Thus we have been expressly evolved by nature-with all our impulses and deepest instincts-for the purpose of solving the economic problem. If the economic problem is solved, mankind will be deprived of its traditional purpose.

With the economic problem out of the way, Keynes says that humanity will come face to face with its major challenge.

Thus for the first time since his creation man will be faced with his real, his permanent problem-how to use his freedom from pressing economic cares, how to occupy the leisure, which science and compound interest will have won for him, to live wisely and agreeably and well.

Keynes discusses this post economic problem in some detail. Most people he says, cherish the idea of dispensing with work and taking up lives of leisure. But Keynes believes that if it this actually did happen, they would find the reality is not as they expected. People must have something to occupy themselves with – to direct their energies towards. At the moment, he says, work fulfils this function. But when the economic problem is no more … it will be those peoples, who can keep alive, and cultivate into a fuller perfection, the art of life itself and do not sell themselves for the means of life, who will be able to enjoy the abundance when it comes.
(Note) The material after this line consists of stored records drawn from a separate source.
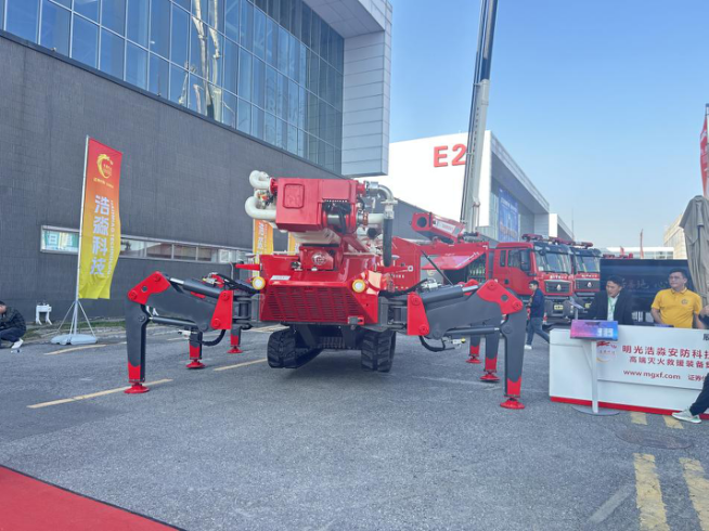 此外,在9月13日至16日举办的第二十一届中国国际消防设备技术交流展览会上,浩淼科技携多款创新产品亮相,尤其是首次亮相的国家级项目成果——六足举高灭火机器人十分吸睛,频频引得境内外观展者驻足参观与交流。
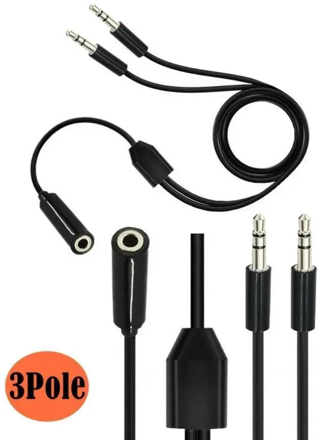 3.5 mm Audio Female to 2x 3.5 Plug Male Adaptor Cord Cable for PC Computer Speakers 3.5 One Female and 2 Public Audio Source Share
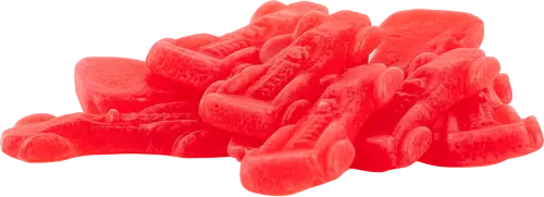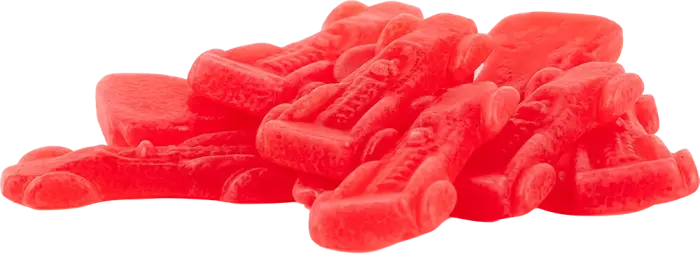 socker, glukossirap, modifierad majsstärkelse, gelatin, aromämne, surhetsreglerande medel (citronsyra), färgämne (E120), vegetabilisk olja (kokos, raps), ytbehandlingsmedel (karnaubavax). Näringsinformation: Per 100g. Energi: 1527kJ / 365kcal / Fett: 0.5g / Varav mättat fett: 0.1g / Kolhydrater: 83g / Varav sockerarter: 72g / Protein: 5.4g / Salt: 0.03g.
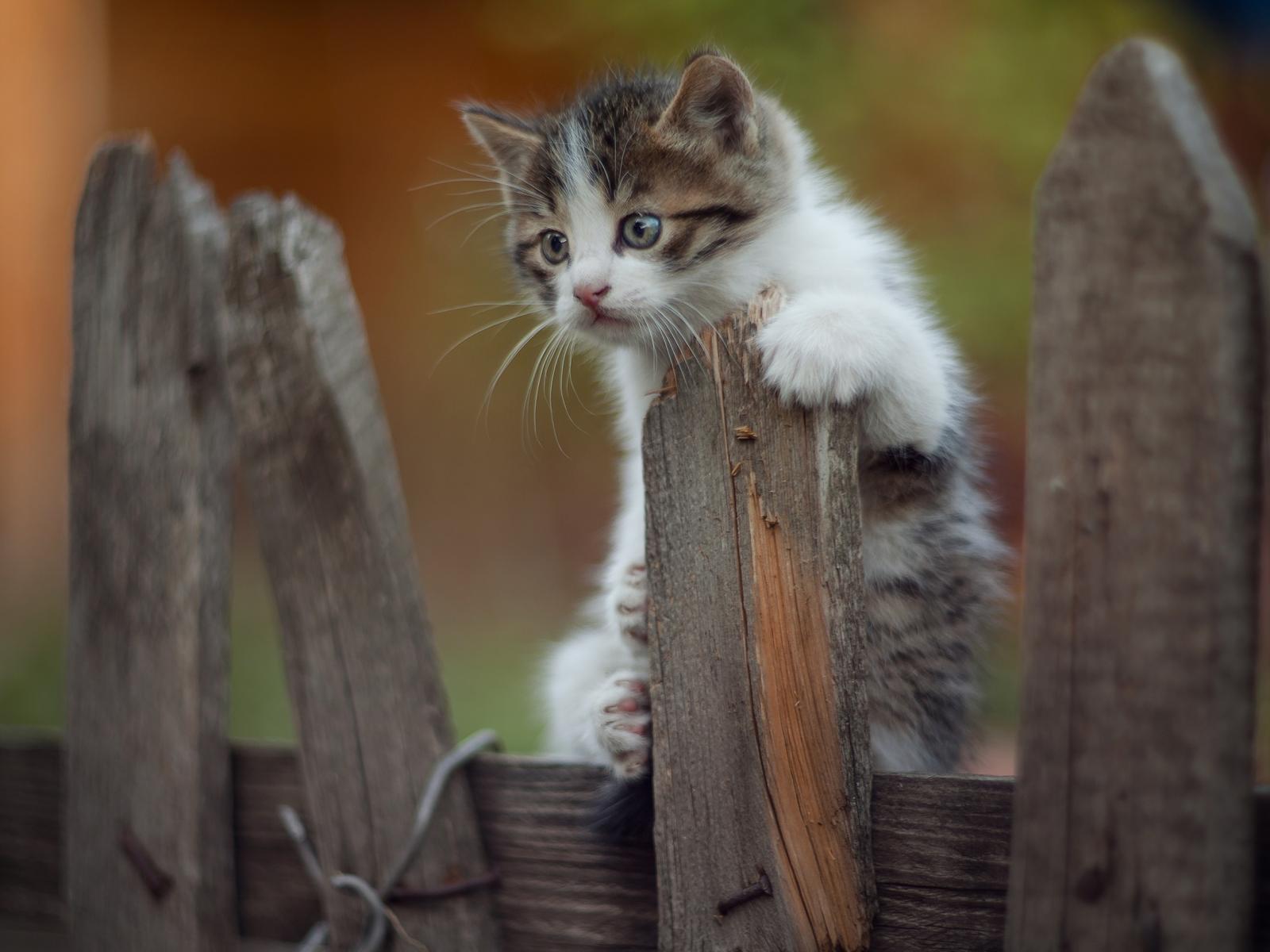 Wallpaper Little funny kitten on the fence

One way of solving this problem is to share around the ever reducing amount of work. Keynes suggests  a 15 hour working week – three hours work a day being more than enough to satisfy …the old Adam in most of us!

Keynes feels that the process towards this economic utopia would be a gradual one. That … there will be ever larger and larger classes and groups of people from whom problems of economic necessity have been practically removed but he warns that until this time arrives we must put up with our economic system and its corrupt practices of avarice, usury and the love of money, for only they, he says can lead us out of the tunnel of economic necessity into daylight.

This essay was written in 1930 it is now almost eighty years later – approaching the end of his 100 year time frame – and as far as grandchildren go, if Keynes has any they would have been born by now. So how does his vision stack up. Are we well on the path to economic abundance for all, or are there circumstances that he could not have foretold, and do we put his essay into the same category as some of those ‘visionary’ Victorian inventions such as the mechanical hat tipper.

I believe he had a realistic vision as since this time there has been an accelerating development of technology and labour saving machines. But I think that he underestimated how strongly the economic system that he helped construct would bind us to outmoded concepts of economic scarcity thus preventing us from living this vision.

What is perhaps most valuable in this essay is that Keynes makes the distinction between two different types of work. There is work that is done to allow for our physical survival and there is work that is done simply for the sake of having a fulfilling life. He makes the very important point that economics really only need concern itself with the first type ( work for survival). So as technology advances, work for survival becomes less and less important and thus economics becomes less and less important. Then fulfilment in life rather than accumulation of money takes its rightful place as the bottom line.




One response

30 03 2009

This blog’s great!! Thanks :).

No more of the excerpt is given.